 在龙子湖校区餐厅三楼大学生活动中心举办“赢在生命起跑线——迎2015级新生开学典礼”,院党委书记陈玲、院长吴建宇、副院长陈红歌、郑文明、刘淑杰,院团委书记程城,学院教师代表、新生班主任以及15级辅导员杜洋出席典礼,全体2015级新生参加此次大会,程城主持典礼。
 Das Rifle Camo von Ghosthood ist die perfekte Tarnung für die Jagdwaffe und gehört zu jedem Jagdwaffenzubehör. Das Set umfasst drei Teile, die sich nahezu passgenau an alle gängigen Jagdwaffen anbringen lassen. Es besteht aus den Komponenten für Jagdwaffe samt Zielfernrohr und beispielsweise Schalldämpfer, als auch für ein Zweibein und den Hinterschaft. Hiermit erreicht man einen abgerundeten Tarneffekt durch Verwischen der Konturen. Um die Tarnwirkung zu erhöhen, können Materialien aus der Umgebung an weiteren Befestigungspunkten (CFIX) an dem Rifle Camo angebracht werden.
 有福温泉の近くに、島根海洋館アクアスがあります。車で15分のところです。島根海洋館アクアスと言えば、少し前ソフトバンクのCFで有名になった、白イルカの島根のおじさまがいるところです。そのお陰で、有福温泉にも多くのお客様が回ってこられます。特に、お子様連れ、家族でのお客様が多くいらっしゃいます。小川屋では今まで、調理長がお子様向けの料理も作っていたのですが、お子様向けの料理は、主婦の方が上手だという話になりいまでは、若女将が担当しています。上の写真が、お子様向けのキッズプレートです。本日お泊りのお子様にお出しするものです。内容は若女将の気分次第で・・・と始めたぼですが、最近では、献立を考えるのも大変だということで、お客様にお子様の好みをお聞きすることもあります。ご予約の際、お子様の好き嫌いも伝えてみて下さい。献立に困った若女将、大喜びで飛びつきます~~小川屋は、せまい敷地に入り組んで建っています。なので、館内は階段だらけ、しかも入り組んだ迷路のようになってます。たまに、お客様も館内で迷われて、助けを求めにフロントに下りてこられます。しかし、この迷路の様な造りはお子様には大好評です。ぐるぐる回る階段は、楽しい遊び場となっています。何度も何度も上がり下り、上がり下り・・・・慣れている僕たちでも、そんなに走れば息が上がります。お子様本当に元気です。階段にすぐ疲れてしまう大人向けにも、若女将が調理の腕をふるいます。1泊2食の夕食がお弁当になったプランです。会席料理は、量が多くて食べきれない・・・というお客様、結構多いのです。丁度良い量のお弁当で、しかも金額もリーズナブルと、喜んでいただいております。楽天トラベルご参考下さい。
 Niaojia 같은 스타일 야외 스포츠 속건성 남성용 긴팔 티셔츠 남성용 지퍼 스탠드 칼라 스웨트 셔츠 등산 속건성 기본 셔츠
──────────────────────────────
* [Exercise details]: The data must be given again in full. Keep every line identical.

* [Result for this exercise]:
 在龙子湖校区餐厅三楼大学生活动中心举办“赢在生命起跑线——迎2015级新生开学典礼”,院党委书记陈玲、院长吴建宇、副院长陈红歌、郑文明、刘淑杰,院团委书记程城,学院教师代表、新生班主任以及15级辅导员杜洋出席典礼,全体2015级新生参加此次大会,程城主持典礼。
 Das Rifle Camo von Ghosthood ist die perfekte Tarnung für die Jagdwaffe und gehört zu jedem Jagdwaffenzubehör. Das Set umfasst drei Teile, die sich nahezu passgenau an alle gängigen Jagdwaffen anbringen lassen. Es besteht aus den Komponenten für Jagdwaffe samt Zielfernrohr und beispielsweise Schalldämpfer, als auch für ein Zweibein und den Hinterschaft. Hiermit erreicht man einen abgerundeten Tarneffekt durch Verwischen der Konturen. Um die Tarnwirkung zu erhöhen, können Materialien aus der Umgebung an weiteren Befestigungspunkten (CFIX) an dem Rifle Camo angebracht werden.
 有福温泉の近くに、島根海洋館アクアスがあります。車で15分のところです。島根海洋館アクアスと言えば、少し前ソフトバンクのCFで有名になった、白イルカの島根のおじさまがいるところです。そのお陰で、有福温泉にも多くのお客様が回ってこられます。特に、お子様連れ、家族でのお客様が多くいらっしゃいます。小川屋では今まで、調理長がお子様向けの料理も作っていたのですが、お子様向けの料理は、主婦の方が上手だという話になりいまでは、若女将が担当しています。上の写真が、お子様向けのキッズプレートです。本日お泊りのお子様にお出しするものです。内容は若女将の気分次第で・・・と始めたぼですが、最近では、献立を考えるのも大変だということで、お客様にお子様の好みをお聞きすることもあります。ご予約の際、お子様の好き嫌いも伝えてみて下さい。献立に困った若女将、大喜びで飛びつきます~~小川屋は、せまい敷地に入り組んで建っています。なので、館内は階段だらけ、しかも入り組んだ迷路のようになってます。たまに、お客様も館内で迷われて、助けを求めにフロントに下りてこられます。しかし、この迷路の様な造りはお子様には大好評です。ぐるぐる回る階段は、楽しい遊び場となっています。何度も何度も上がり下り、上がり下り・・・・慣れている僕たちでも、そんなに走れば息が上がります。お子様本当に元気です。階段にすぐ疲れてしまう大人向けにも、若女将が調理の腕をふるいます。1泊2食の夕食がお弁当になったプランです。会席料理は、量が多くて食べきれない・・・というお客様、結構多いのです。丁度良い量のお弁当で、しかも金額もリーズナブルと、喜んでいただいております。楽天トラベルご参考下さい。
 Niaojia 같은 스타일 야외 스포츠 속건성 남성용 긴팔 티셔츠 남성용 지퍼 스탠드 칼라 스웨트 셔츠 등산 속건성 기본 셔츠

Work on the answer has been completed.